Teriyaki Shrimp Rice Bowl
DinnerPublished June 28, 2026

Teriyaki Shrimp Rice Bowl

This Teriyaki Shrimp Rice Bowl comes together in just 30 minutes with juicy, glazed shrimp over fluffy rice and crisp veggies. A clean, flavor-packed dinner the whole family will love.

Total Time30 mins
Yield2 servings
Katharina
By Katharina

The Rice Bowl Dinner You Will Make on Repeat

Some dinners earn a permanent spot in your weekly rotation, and this Teriyaki Shrimp Rice Bowl is exactly that kind of recipe. It is fast, genuinely satisfying, and built with clean ingredients that leave you feeling good after eating. Whether you are hunting for healthy dinner shrimp recipes to shake up your weeknight routine or looking for a Japanese shrimp recipe that does not require a trip to a specialty store, this bowl delivers on every count.

Glossy, garlicky teriyaki-glazed shrimp. Crisp-tender broccoli and carrots. A bed of fluffy jasmine rice. Ready in 30 minutes. That is the whole pitch, and it is a great one.


Why This Bowl Works So Well

Rice bowl meals have a way of making a simple combination of proteins, vegetables, and grains feel like a complete, intentional meal. The magic here is the homemade teriyaki sauce. Forget the bottled stuff. This version comes together in minutes from pantry staples: soy sauce, honey, fresh ginger, garlic, and a touch of rice vinegar. It is sweeter than soy, savory, and slightly tangy, and it clings to the shrimp in a glossy, restaurant-worthy glaze.

Shrimp are one of the great underrated heroes of healthy dinner ideas with shrimp.
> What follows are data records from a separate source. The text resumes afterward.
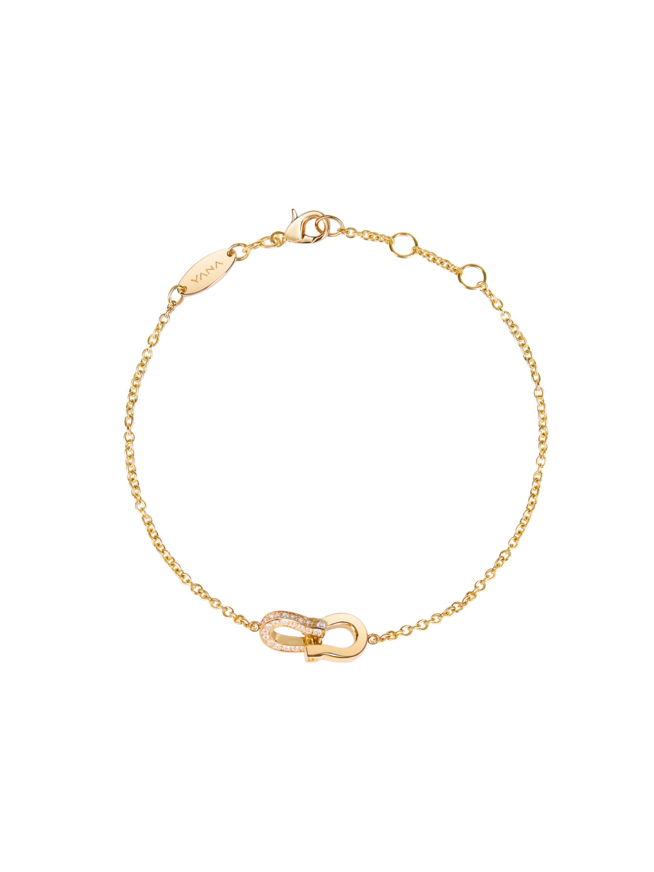 Bracelet with horseshoes in yellow gold with 46 round diamonds 0.18 ct.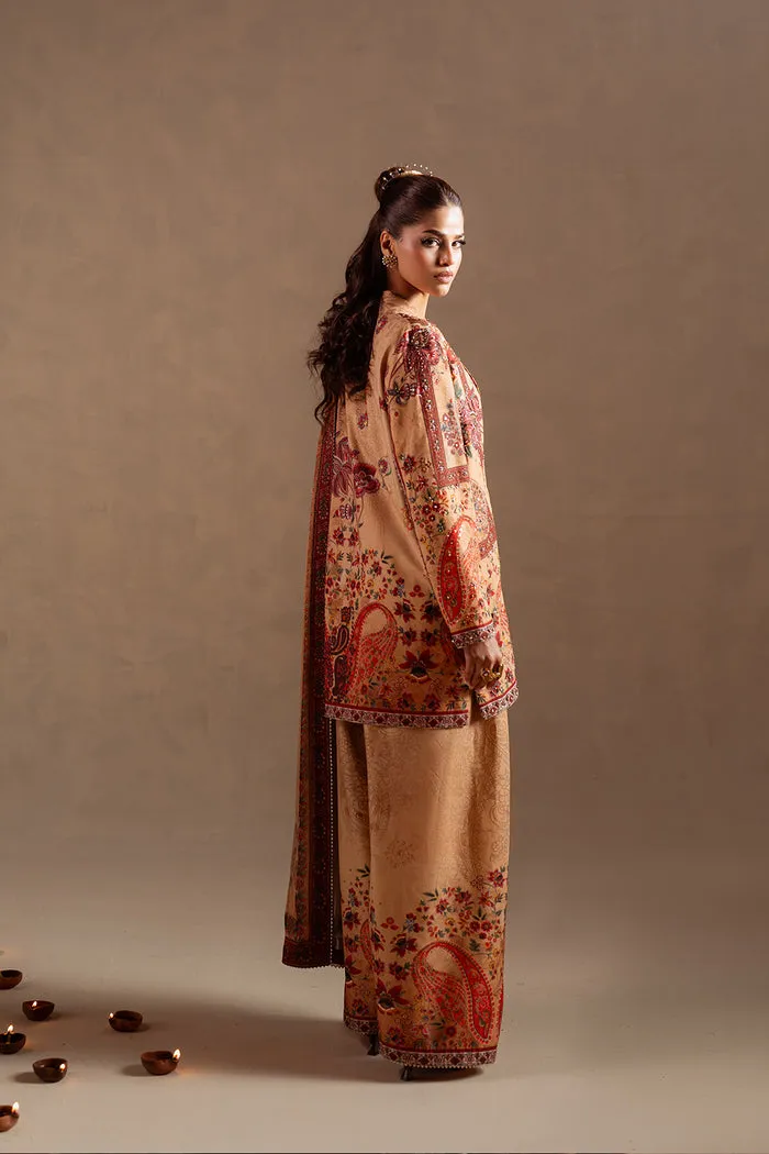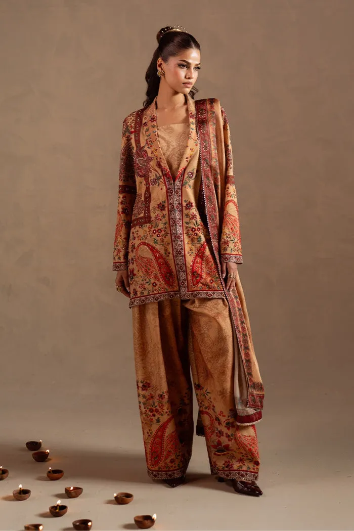 DESCRIPTION: This elegant ensemble is tailored from luxurious silk fabric, beautifully enhanced with embroidery and intricate resham detailing. A matching printed silk dupatta completes the look with effortless sophistication and grace.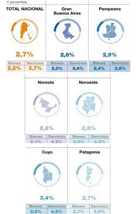 Cuyo registró el mayor porcentaje: 3,4%. La siguieron la región Pampeana (2,9%) y el NOA (2,8%), ambas por arriba de la media nacional. En la Patagonia los precios saltaron 2,7%, mientras que en el GBA y en el NEA aumentaron 2,6%.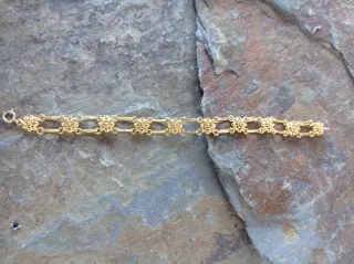 Elegante pulsera con diseño de filigrana plata de ley chapada de oro. Largo 17 Ctm , ancho 13 mm - Plata de ley. - Acabado chapado en oro. Artículo nuevo. ( No negociable
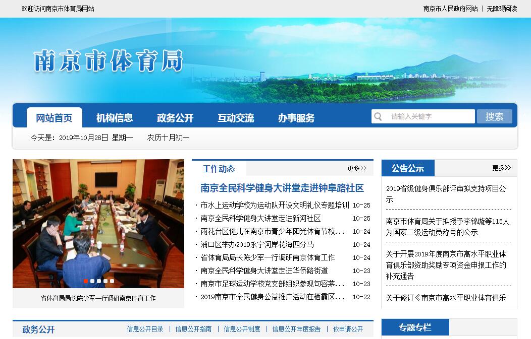 南京市体育局主要职责:(一)贯彻执行国家和省、市有关体育工作的方针政策和法律法规,起草体育工作的地方性法规、规章草案,制订相关措施并督促实施,全面加强体育法制建设,促进依法行政、依法治体。(二)指导和推进体育改革,编制全市体育发展战略和规划并组织实施,负责推进青奥体育遗产的传承发扬和开发利用,协调推进亚洲体育中心城市和世界体育名城建设。(三)承担统筹规划全市群众体育发展的责任。制订全民健身实施计划,推动全民健身运动的开展,指导开展群众性体育活动和社会体育工作。组织实施国民体质监测。加强社会体育指导员队伍建设。(四)承担统筹协调全市体育训练和体育竞赛的责任。规划运动项目设置和布局。指导优秀运动队建设。制定青少年业余训练规划和政策。指导全市青少年体育训练。加强体教结合工作。参加和承办重大体育竞赛。(五)承担统筹协调体育产业发展的责任。拟订全市体育产业发展规划和政策。依法开展体育市场监督检查工作。负责对南京体育产业集团的业务管理工作。(六)制订全市体育设施建设规划。指导公共体育设施的建设及其监督管理。(七)承担指导、管理全市体育外事工作的责任。开展国际间和与港澳台的体育交流与合作。(八)开展体育宣传、体育科技工作。组织开展体育领域科学研究、技术攻关和成果推广。组织开展体育运动中的反兴奋剂工作。(九)领导市体育总会。联系有关体育社团。(十)承办市委、市政府交办的其他事项。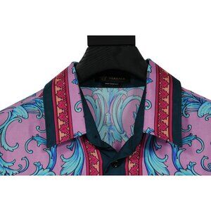 Versace Mens Floral Silk Button Down Shir 41 / 16 Purple Pink Blue Green Paisley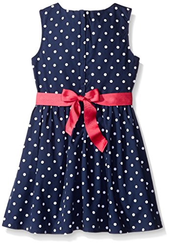 Sleeveless dress in allover polka dots featuring round neckline with pleated bodice and contrast removable grosgrain belt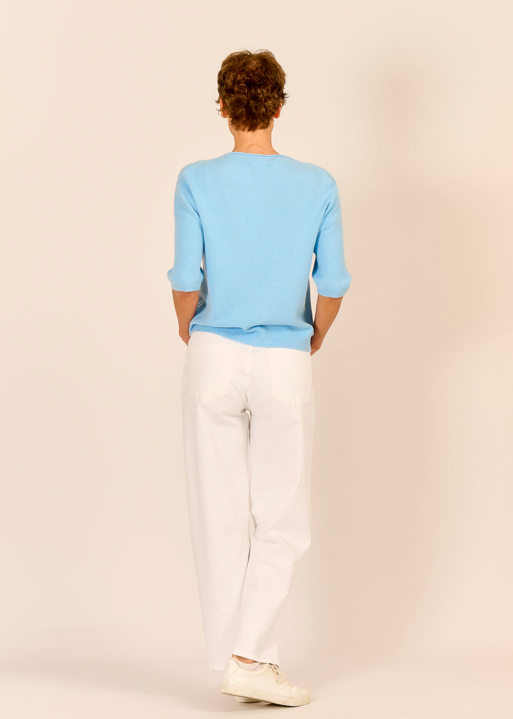 Der himmelblaue Halbarm-Pulli strahlt Ruhe, Eleganz und Frische aus. Dank des Viskoseanteils fühlt sich das Material angenehm weich auf der Haut an und ist perfekt für kühle Frühlingstage.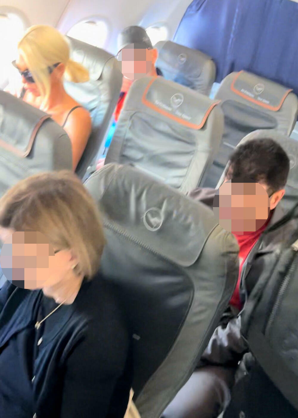 - Dok je sedela, JK je u jednom trenutku podigla pogled u pravcu Cece, koja je tada ulazila u avion, te je, dok je prolazila i tražila svoje mesto, samo kratko prokomentarisala: "Da li je moguće da je i ova nesrećnica tu? Ova žena me progoni." To je izazvalo smeh prisutnih putnika u biznis-klasi. Ceca je ceo let provela razgovarajući sa momkom iz svog benda, dok je Karleuša sve vreme gledala u telefon. Nakon sletanja u Minhen, Jelena je među prvima izašla iz aviona i sela kako bi sačekala igračicu i organizatora nastupa za to veče, koju su sedeli na kraju ekonomske klase na istom letu, a nekoliko trenutaka posle nje, stigla je i Ceca i samo prošla pored nje. Kada su se svi skupili, JK se uputila ka pasoškoj kontroli, a zatim i da preuzme prtljag, gde je Ražnatovićeva već sedela i razgovarala sa svojim saputnicima.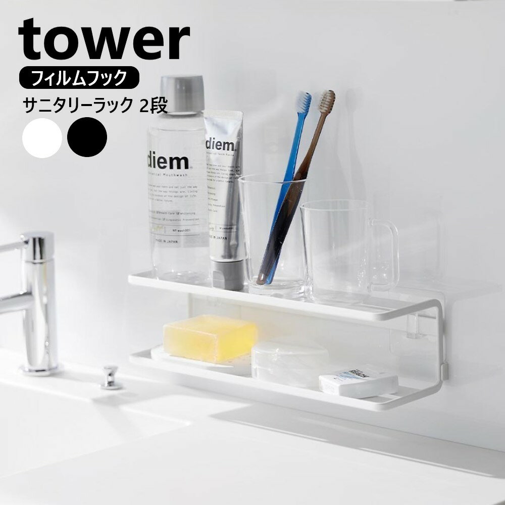 フィルムフックサニタリーラック タワー 2段 山崎実業 tower ホワイト ブラック 2173 2174 浮かせる収納 貼ってはがせる 洗面所 洗面台 歯ブラシ 電動歯ブラシ 電気シェーバー コップ コンタクト用品 洗面所収納 棚

They cook in under 5 minutes, take on flavors beautifully, and are high in protein with very little fat. Paired with fiber-rich vegetables and complex carbs from rice, this bowl is a genuinely clean family meal that does not taste like diet food.

Chef's Tip: The single most important step for perfect teriyaki shrimp is patting the shrimp completely dry before they hit the pan. Moisture is the enemy of a good sear. Dry shrimp = caramelized edges and better sauce absorption.


Ingredients That Make the Difference

This recipe is simple, so quality matters. A good toasted sesame oil adds an unmistakable nutty depth to the teriyaki sauce that regular cooking oil just cannot replicate. Fresh ginger rather than the powder version gives the sauce a bright, almost floral heat. And using low-sodium soy sauce keeps the salt in check without dulling the flavor.

For the rice, jasmine is the move. Its slight floral aroma and soft, slightly sticky texture make it the ideal base for rice bowl lunch ideas and dinners alike. Day-old rice actually works better here if you have it, since it is a bit drier and soaks up the sauce without going mushy.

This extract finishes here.